BEGIN
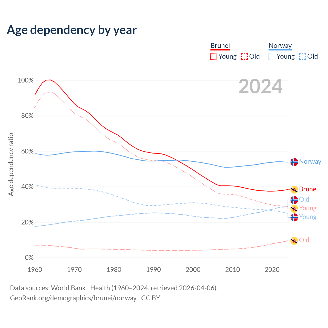 - The share of old-age demographic (65+) in Brunei is 6.87% vs 18.8% in Norway.
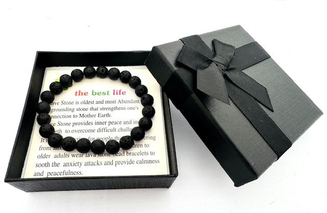Großhandel – 8 mm Lavastein Edelsteinarmband – Geschenkbox Inklusiv
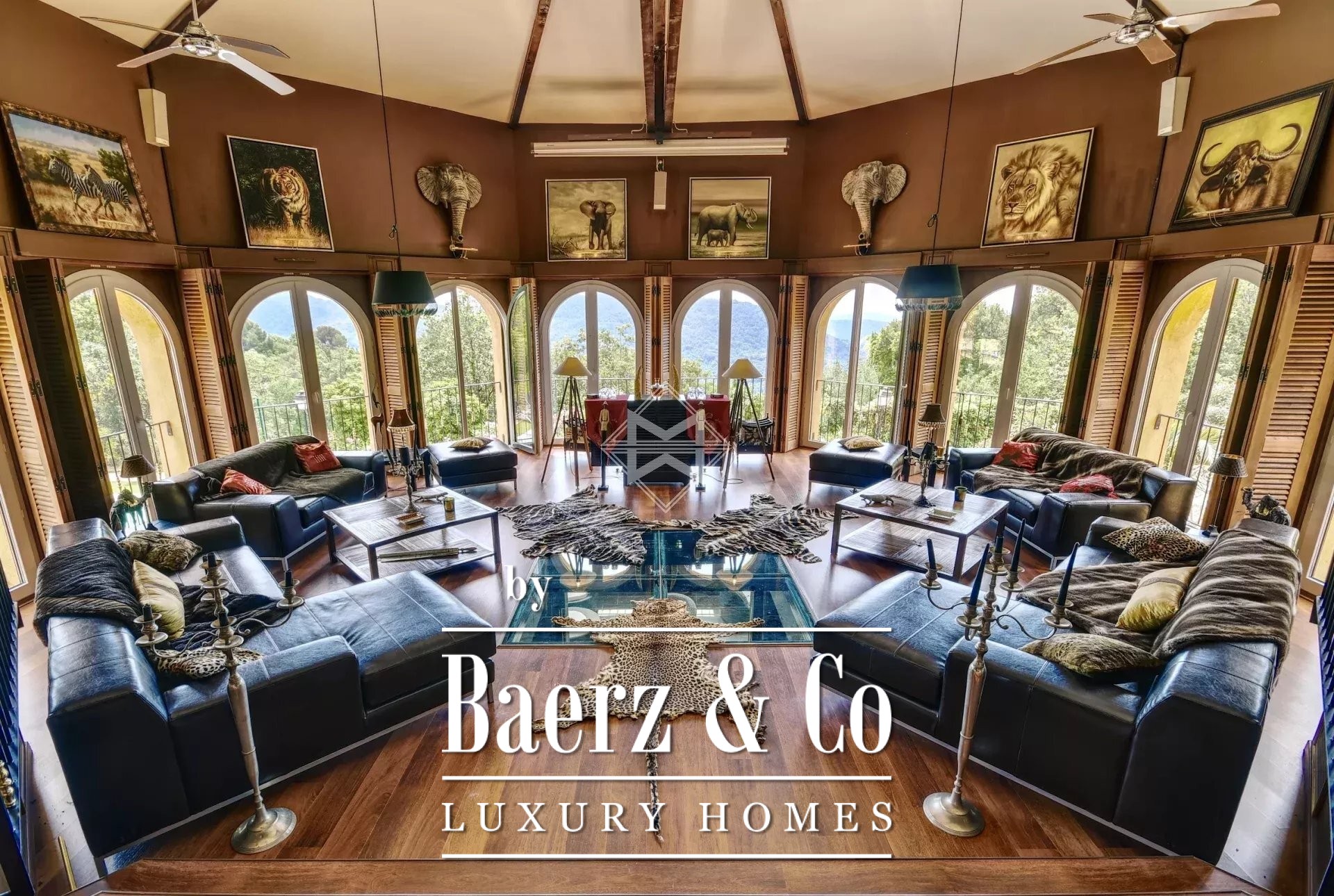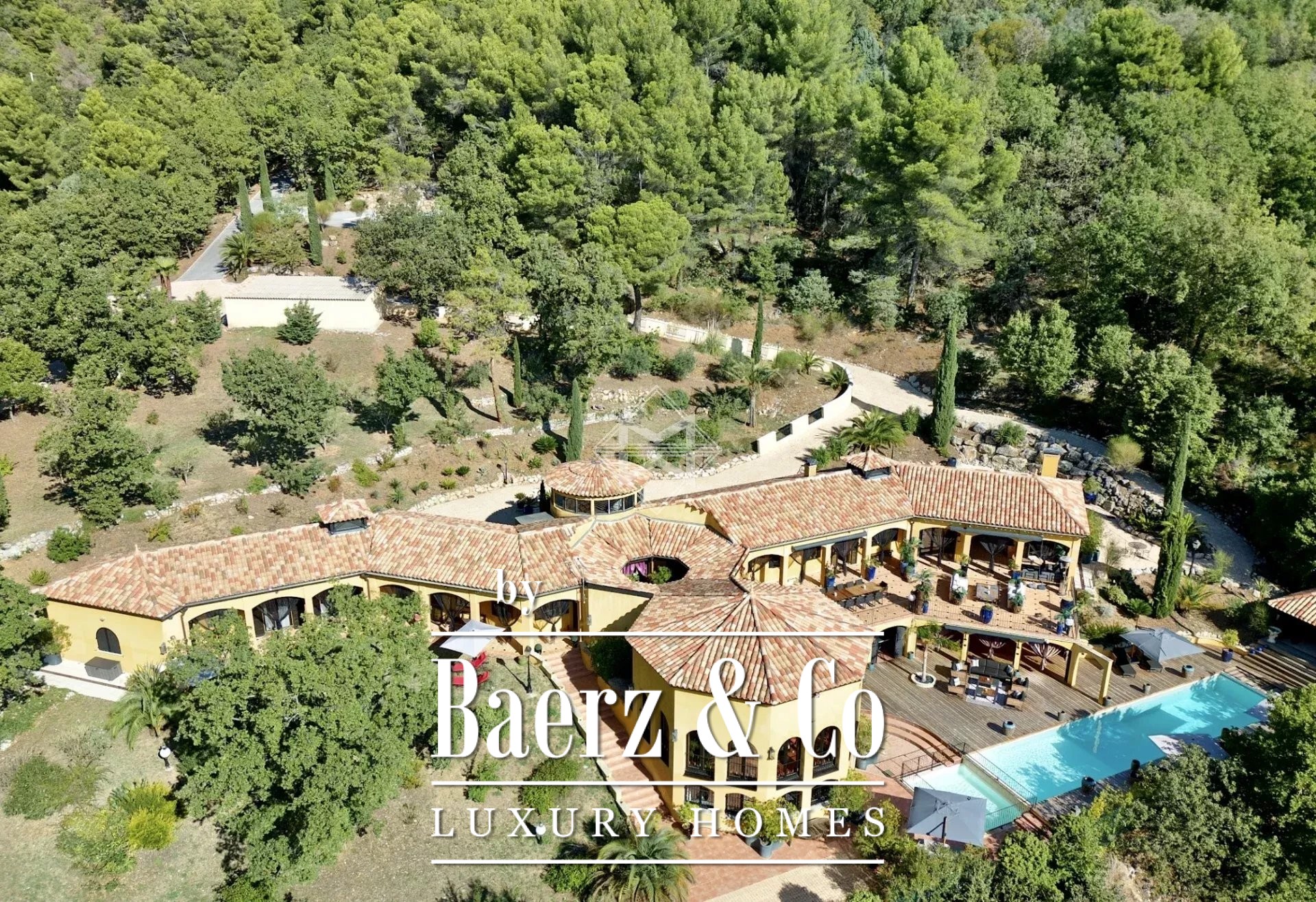 Featuring a helipad, this estate spans over 5.2 hectares, offering a peaceful and lush environment. It is just 1 hour from the coastline, 1h15 from Nice Airport, and 1h45 from Monaco.
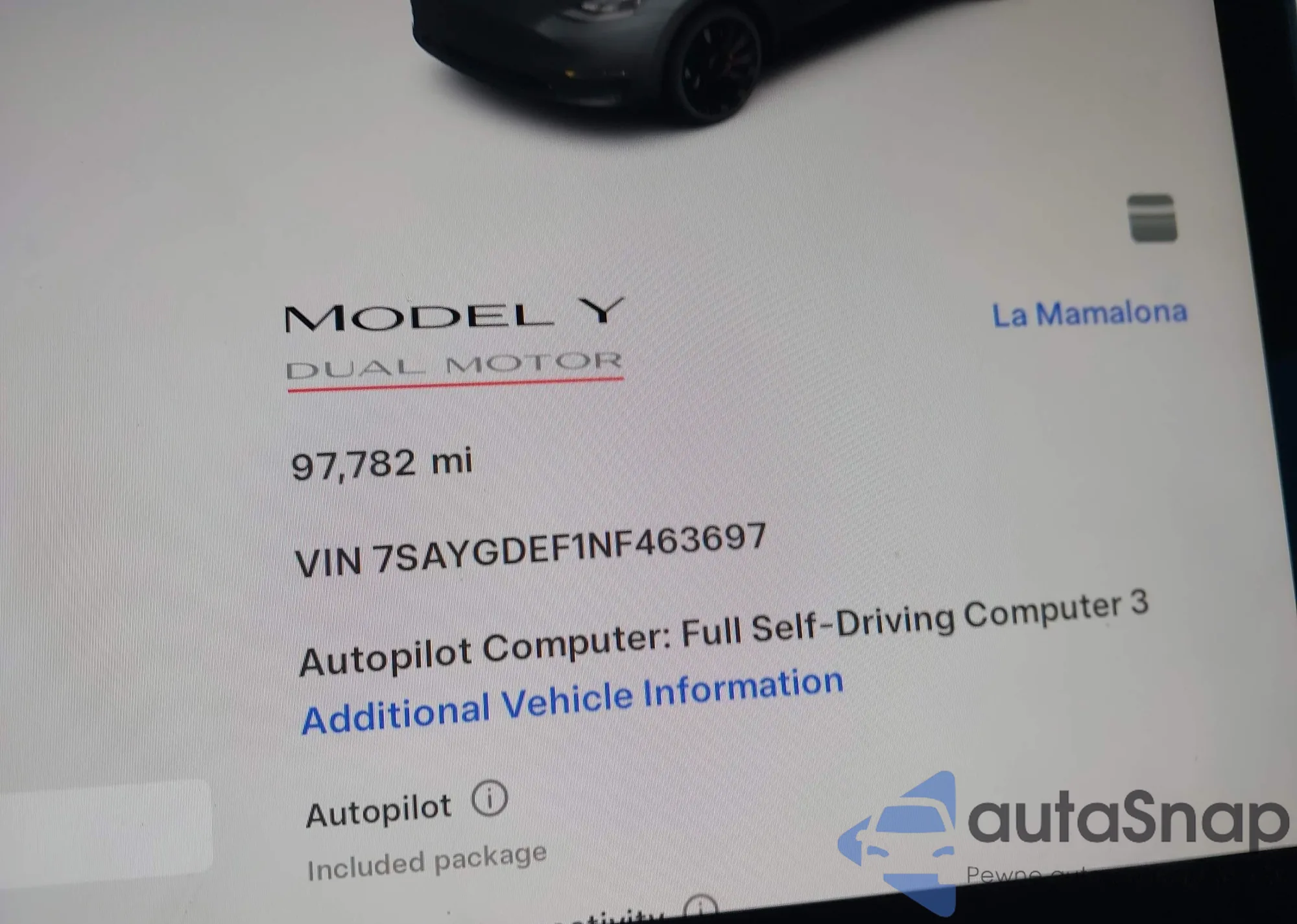 • VIN 7SAYGDEF1NF463697
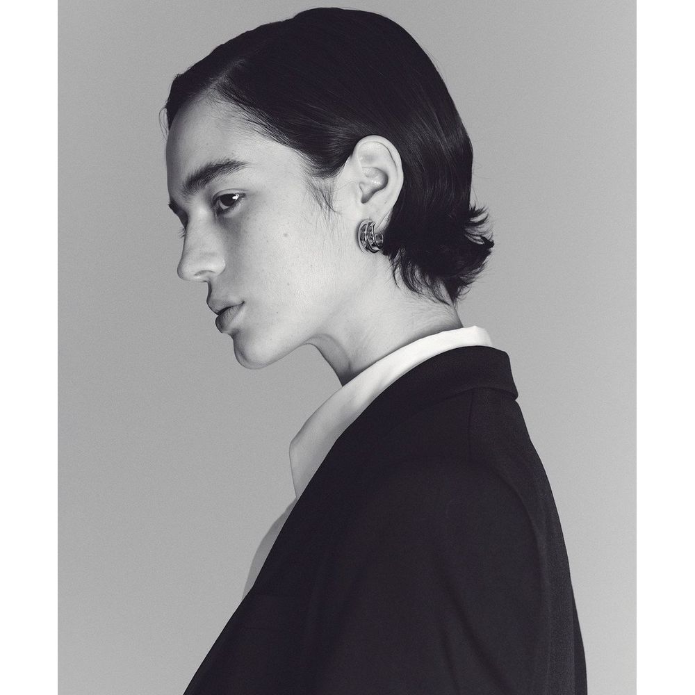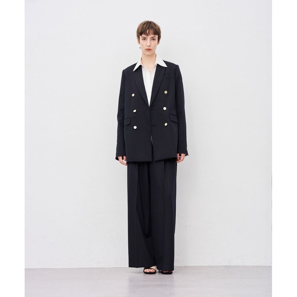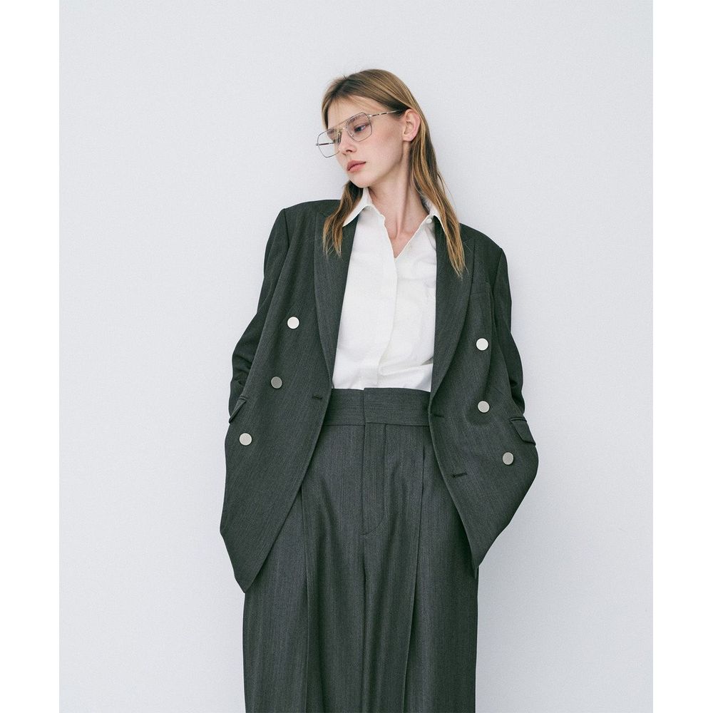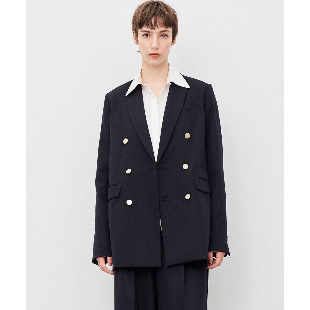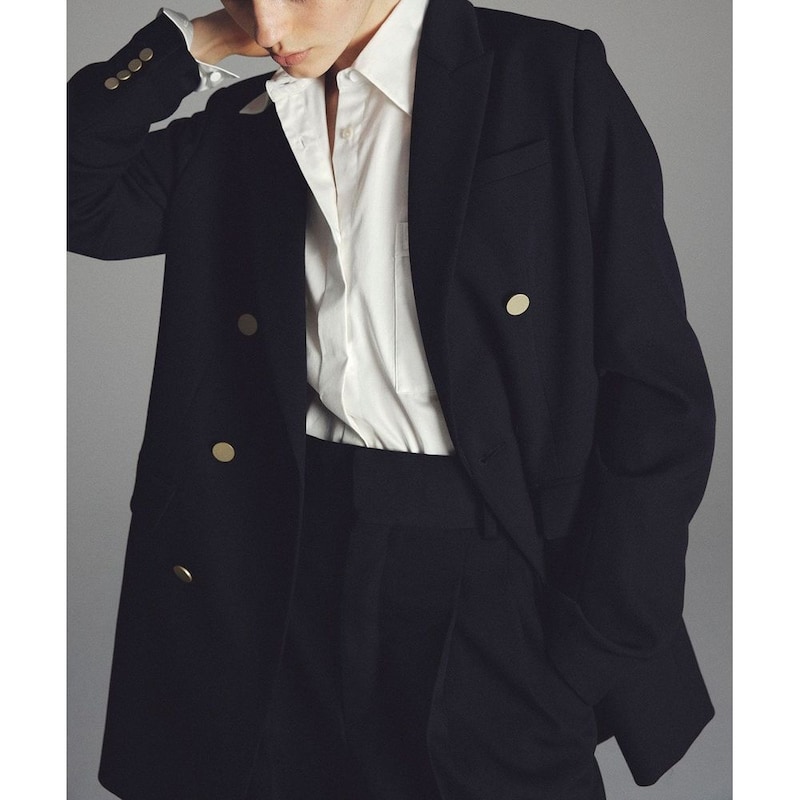 前身頃、袖口にはメタル釦を使用、色味も派手過ぎない薄金Goldにする事で高級感とミニマルでモードな印象に。
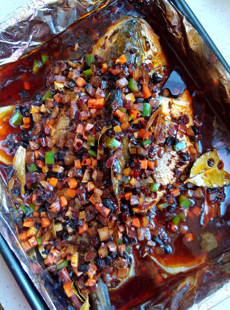 用烤箱烤出来的鱼皮酥脆,鱼肉细嫩,香辣入味。一般烤的都是鲤鱼草鱼吧,这次用了一条黄鱼,也很好吃。看起来红彤彤的很喜庆,但是辣度可以,因为胡萝卜和豆豉、红油的辣度有限,很开胃。。这一条都被我自己吃光了。。汗
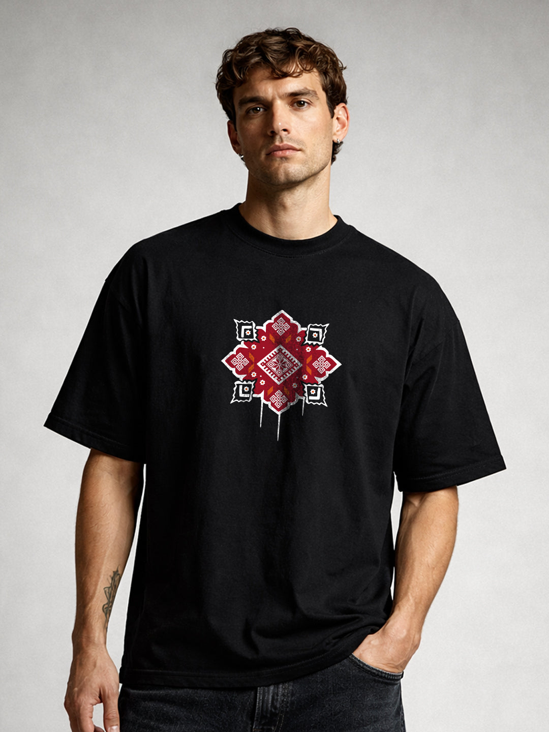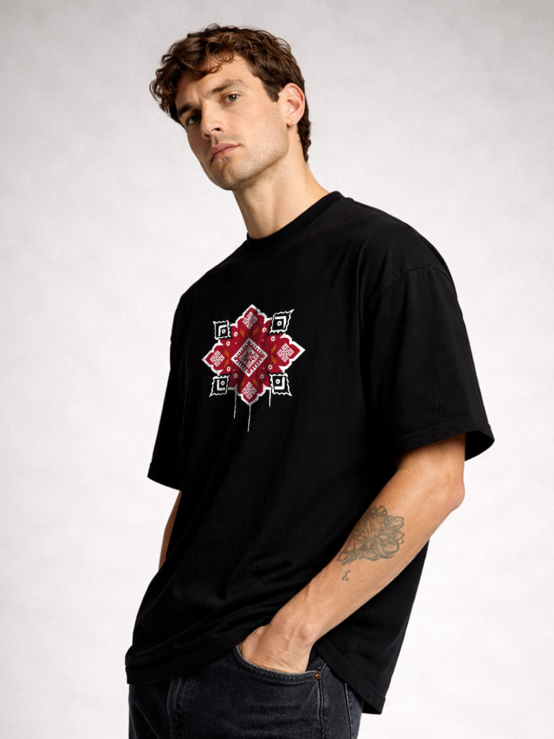 Upgrade your style with our premium FOLK MATRIX Men Terry Printed Oversized T-Shirt. Designed for comfort and everyday wear.
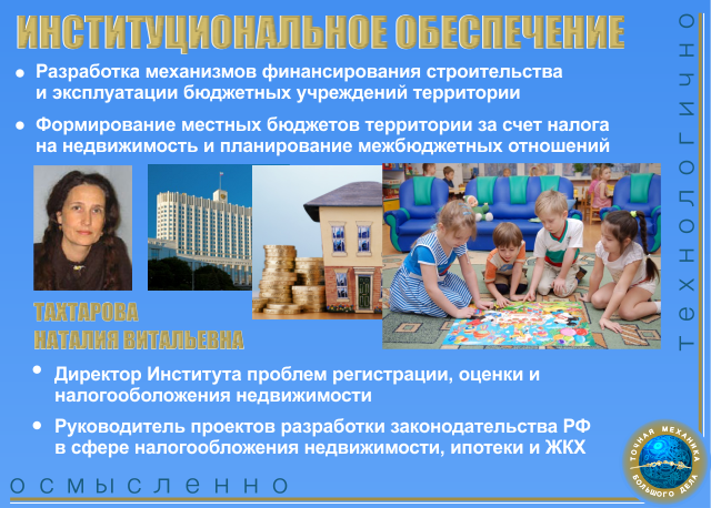 Совокупность институтов образует институциональную инфраструктуру рынка недвижимости территории.
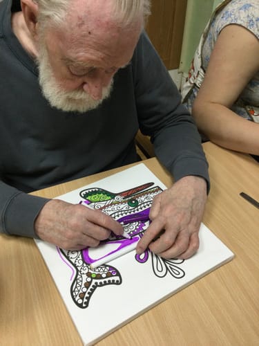 These days adult colouring books are popular with people at all ages and there is such a wide variety of books on offer. Christopher loves using intricate patterns to create colourful images.
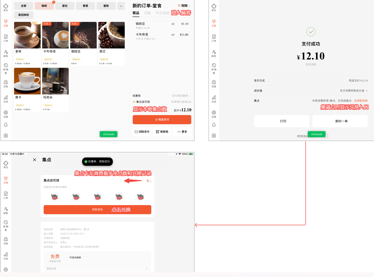 顾客下单获得集点,满足后点击集点卡兑换优惠券
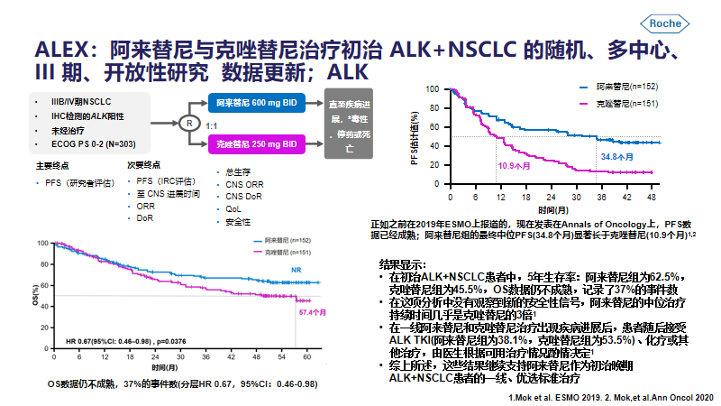 今年同时也更新了ALEX研究5年随访研究。相较于克唑替尼,阿来替尼ALEX研究的OS仍未达到终点,从生存曲线来看,阿来替尼的中位治疗持续时间几乎是克唑替尼的3倍,也因此这些结果继续支持阿来替尼作为初治晚期ALK+NSCLC患者的一线、优选标准治疗。
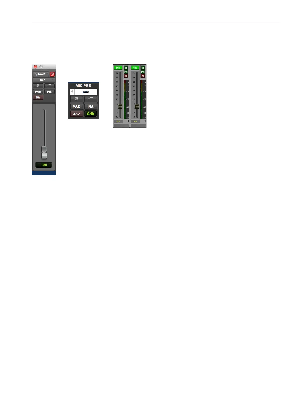 Pro Tools Mic Pre window (left), Pro Tools Mic Pre view (middle), and DADman Channel strip (right)
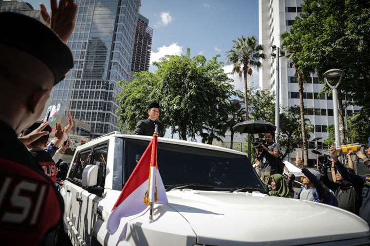 Joko Widodo terpantau melintas sekitar pukul 14.22 WIB. Dengan tersenyum, Jokowi melambaikan tangan dan memberikan hormat saat menyapa masyarakat di Bundaran HI.
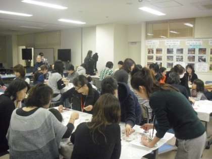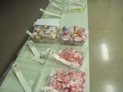 ベルマーク週間にご協力いただき集めたベルマークを仕分けする作業を会議室で行っていました。
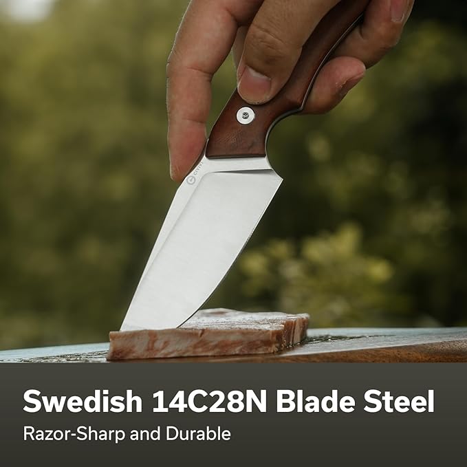 - Swedish 14C28N Blade: Features a 3.63" clip-point fixed blade crafted from 14C28N stainless steel, delivering excellent sharpness and corrosion resistance
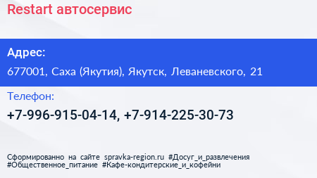 Restart, автосервис по адресу 677001, Саха (Якутия), Якутск, Леваневского, 21 в дальнейшем Организация, размещена в следующих категориях:
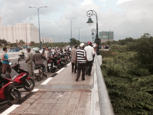 Chiều 14/7, một người bán háng rong ven đường Mai Chí Thọ, đoạn thuộc phường Bình Khánh, quận 2, TP.HCM hốt hoảng khi phát hiện chân người trong bụi rậm dưới chân cầu Cá Trê lớn trong lúc đi vệ sinh.
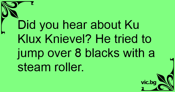 Did you hear about Ku Klux Knievel? He tried to jump over 8 blacks with a steam roller.
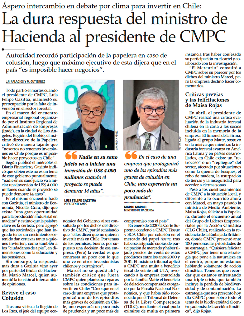 La dura arremetida de Mario Marcel contra CMPC: pide prudencia y les recuerda el caso colusión - (Pulso)
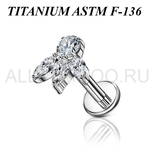 Лабрет с внутренней резьбой из имплантационного титана 6Al-4V-Eli ASTM: F-136. Украшен кластером с прозрачными фианитами.  Размер декоративной части: 6х6мм.
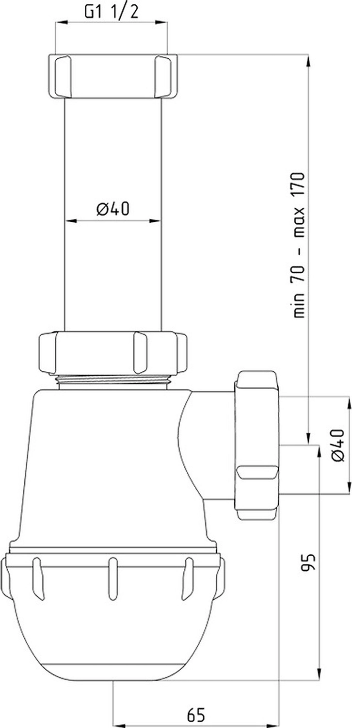 Сифон для кухонных моек бутылочного типа с увеличенным корпусом. Без выпуска.
END
**What needs to be done**
Without any picture, return exactly the lines of the records above from the first through the line that contains "前身頃、袖口にはメタル釦を使".

**Result for this exercise**
 - The share of old-age demographic (65+) in Brunei is 6.87% vs 18.8% in Norway.
Großhandel – 8 mm Lavastein Edelsteinarmband – Geschenkbox Inklusiv
 Featuring a helipad, this estate spans over 5.2 hectares, offering a peaceful and lush environment. It is just 1 hour from the coastline, 1h15 from Nice Airport, and 1h45 from Monaco.
 • VIN 7SAYGDEF1NF463697
 前身頃、袖口にはメタル釦を使用、色味も派手過ぎない薄金Goldにする事で高級感とミニマルでモードな印象に。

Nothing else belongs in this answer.